**PROVIDED RECORDS:**
_____

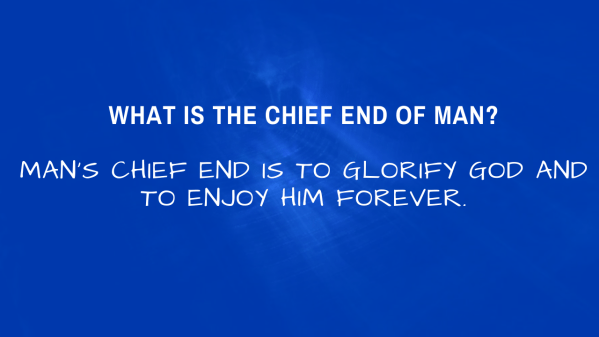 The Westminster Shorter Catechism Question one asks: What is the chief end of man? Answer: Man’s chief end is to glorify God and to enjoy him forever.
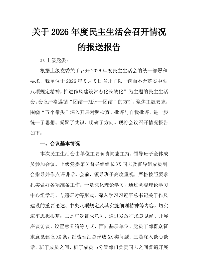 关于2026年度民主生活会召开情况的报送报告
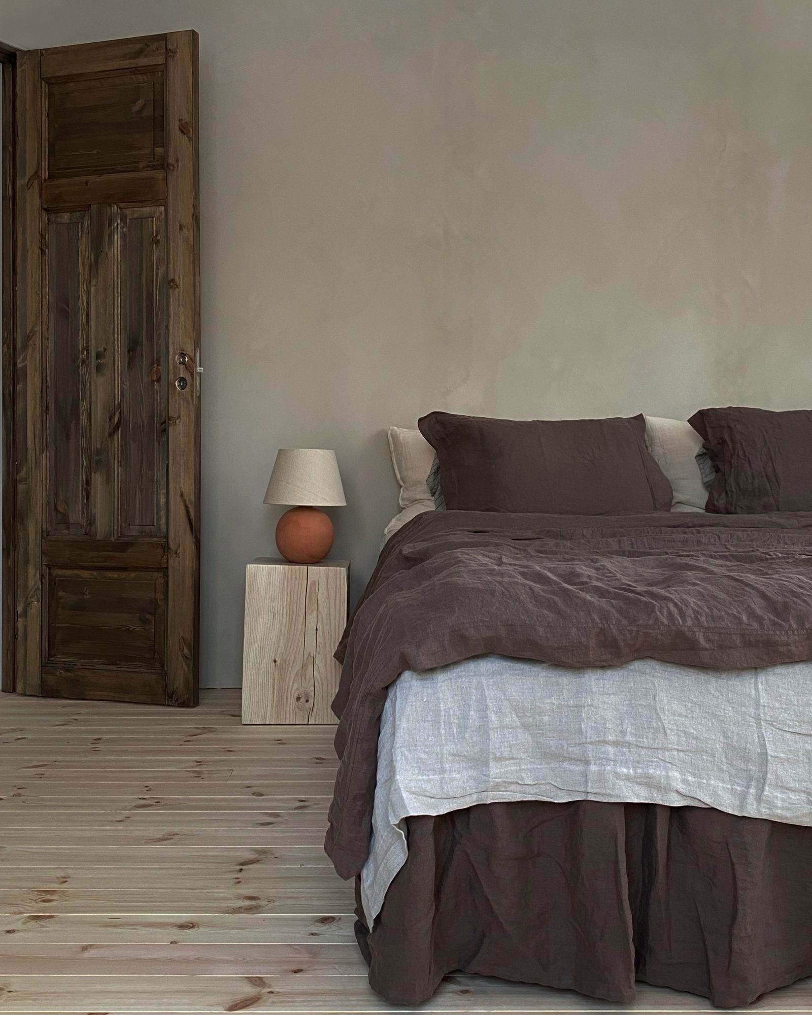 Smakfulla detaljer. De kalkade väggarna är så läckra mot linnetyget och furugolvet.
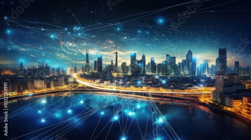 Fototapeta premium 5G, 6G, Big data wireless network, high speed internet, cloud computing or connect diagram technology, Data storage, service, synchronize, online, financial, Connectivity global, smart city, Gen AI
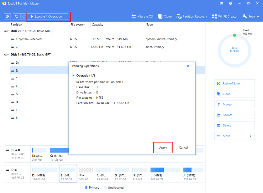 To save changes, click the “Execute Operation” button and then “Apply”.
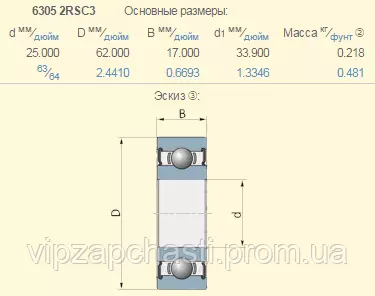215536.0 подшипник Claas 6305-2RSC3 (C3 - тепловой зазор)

_____

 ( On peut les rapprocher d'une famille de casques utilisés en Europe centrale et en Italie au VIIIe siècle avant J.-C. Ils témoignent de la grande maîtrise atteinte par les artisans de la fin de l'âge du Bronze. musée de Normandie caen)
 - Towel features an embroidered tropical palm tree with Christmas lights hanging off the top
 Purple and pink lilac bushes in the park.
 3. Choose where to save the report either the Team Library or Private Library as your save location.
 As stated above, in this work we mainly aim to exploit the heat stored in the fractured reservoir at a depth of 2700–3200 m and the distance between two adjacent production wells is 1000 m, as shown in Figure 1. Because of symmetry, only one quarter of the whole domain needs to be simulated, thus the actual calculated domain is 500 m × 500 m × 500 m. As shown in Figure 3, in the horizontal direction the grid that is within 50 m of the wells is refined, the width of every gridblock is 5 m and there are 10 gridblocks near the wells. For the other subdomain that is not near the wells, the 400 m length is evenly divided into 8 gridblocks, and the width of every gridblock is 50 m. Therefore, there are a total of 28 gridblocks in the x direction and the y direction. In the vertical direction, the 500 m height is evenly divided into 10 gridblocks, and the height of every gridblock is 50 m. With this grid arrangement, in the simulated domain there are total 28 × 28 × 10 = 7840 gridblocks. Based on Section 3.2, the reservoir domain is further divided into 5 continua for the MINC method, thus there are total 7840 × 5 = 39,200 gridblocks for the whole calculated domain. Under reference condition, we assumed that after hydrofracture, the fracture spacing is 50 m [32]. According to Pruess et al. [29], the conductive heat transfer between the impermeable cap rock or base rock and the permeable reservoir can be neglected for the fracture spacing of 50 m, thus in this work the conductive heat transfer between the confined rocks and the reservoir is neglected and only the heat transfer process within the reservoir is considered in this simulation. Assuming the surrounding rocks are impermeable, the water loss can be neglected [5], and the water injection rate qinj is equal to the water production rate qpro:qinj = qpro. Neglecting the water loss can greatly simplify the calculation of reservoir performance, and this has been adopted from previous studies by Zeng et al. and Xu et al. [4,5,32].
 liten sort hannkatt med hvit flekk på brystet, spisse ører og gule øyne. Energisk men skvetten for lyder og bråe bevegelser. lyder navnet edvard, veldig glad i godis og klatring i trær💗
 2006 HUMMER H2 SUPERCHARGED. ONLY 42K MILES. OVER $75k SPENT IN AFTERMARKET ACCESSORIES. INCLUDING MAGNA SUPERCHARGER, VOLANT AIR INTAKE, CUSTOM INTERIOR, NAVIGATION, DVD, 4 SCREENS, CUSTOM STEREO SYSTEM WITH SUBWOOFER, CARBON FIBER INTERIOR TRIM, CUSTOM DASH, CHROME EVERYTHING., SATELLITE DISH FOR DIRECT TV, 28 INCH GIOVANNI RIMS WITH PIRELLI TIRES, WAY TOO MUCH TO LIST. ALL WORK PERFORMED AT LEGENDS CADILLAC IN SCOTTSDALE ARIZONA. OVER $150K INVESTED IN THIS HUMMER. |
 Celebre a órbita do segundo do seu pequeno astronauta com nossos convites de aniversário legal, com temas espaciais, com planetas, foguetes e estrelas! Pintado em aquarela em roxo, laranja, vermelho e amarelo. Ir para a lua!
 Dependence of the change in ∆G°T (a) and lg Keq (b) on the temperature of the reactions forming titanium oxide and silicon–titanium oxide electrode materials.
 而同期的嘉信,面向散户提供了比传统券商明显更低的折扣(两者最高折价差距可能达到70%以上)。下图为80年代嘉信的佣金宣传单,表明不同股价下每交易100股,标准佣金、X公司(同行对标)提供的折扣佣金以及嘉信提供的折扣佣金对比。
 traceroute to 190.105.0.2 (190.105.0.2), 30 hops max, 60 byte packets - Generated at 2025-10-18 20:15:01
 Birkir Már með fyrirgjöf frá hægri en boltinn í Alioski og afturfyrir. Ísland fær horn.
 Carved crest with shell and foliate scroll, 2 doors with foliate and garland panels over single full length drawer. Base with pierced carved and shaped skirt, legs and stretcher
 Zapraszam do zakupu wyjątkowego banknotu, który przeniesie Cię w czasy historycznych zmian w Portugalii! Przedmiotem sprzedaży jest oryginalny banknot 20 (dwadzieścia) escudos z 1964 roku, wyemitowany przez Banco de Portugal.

_____

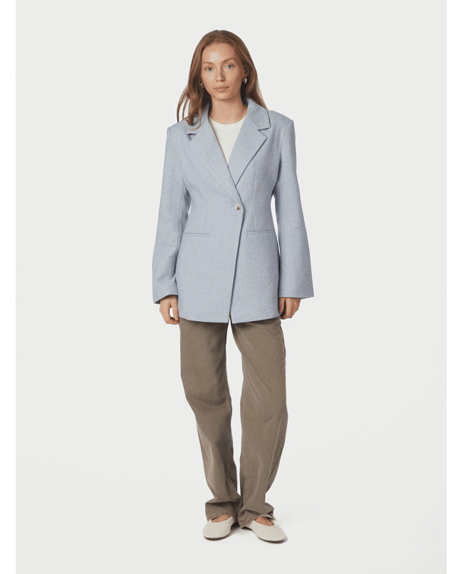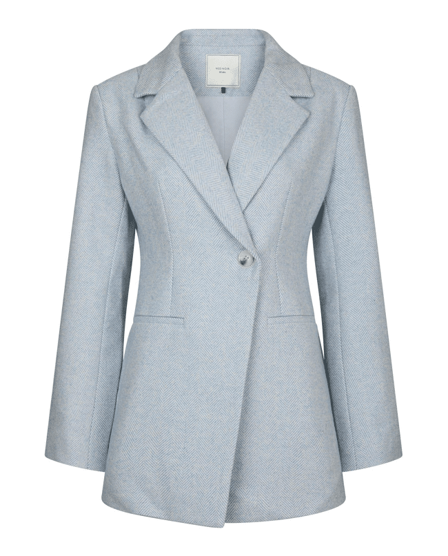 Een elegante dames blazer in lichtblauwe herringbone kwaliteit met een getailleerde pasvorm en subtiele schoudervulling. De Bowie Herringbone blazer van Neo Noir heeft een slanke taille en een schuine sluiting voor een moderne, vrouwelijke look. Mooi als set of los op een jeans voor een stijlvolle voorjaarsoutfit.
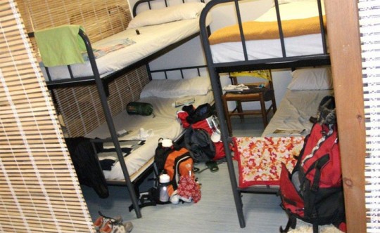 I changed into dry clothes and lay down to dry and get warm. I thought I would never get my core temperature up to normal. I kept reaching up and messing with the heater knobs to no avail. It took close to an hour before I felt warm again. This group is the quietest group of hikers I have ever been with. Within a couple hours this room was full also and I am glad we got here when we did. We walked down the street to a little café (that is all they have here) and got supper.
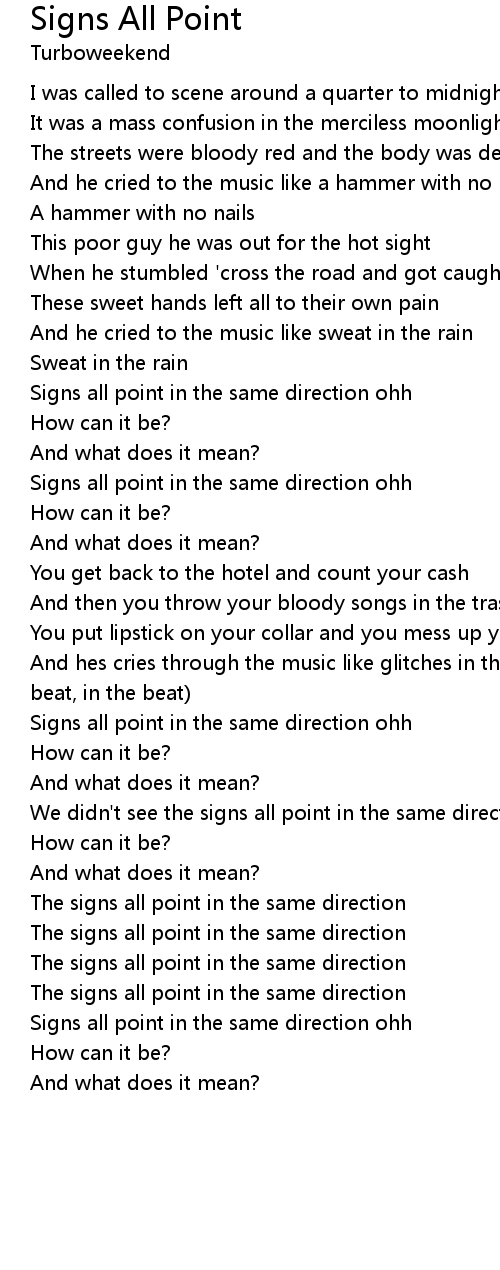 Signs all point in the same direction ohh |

_____

Would you retype exactly the lines above, from the line with "( On peut les" to the line with "3. Choose where", with both end lines kept and nothing more?

**TASK OUTPUT:**
 ( On peut les rapprocher d'une famille de casques utilisés en Europe centrale et en Italie au VIIIe siècle avant J.-C. Ils témoignent de la grande maîtrise atteinte par les artisans de la fin de l'âge du Bronze. musée de Normandie caen)
 - Towel features an embroidered tropical palm tree with Christmas lights hanging off the top
 Purple and pink lilac bushes in the park.
 3. Choose where to save the report either the Team Library or Private Library as your save location.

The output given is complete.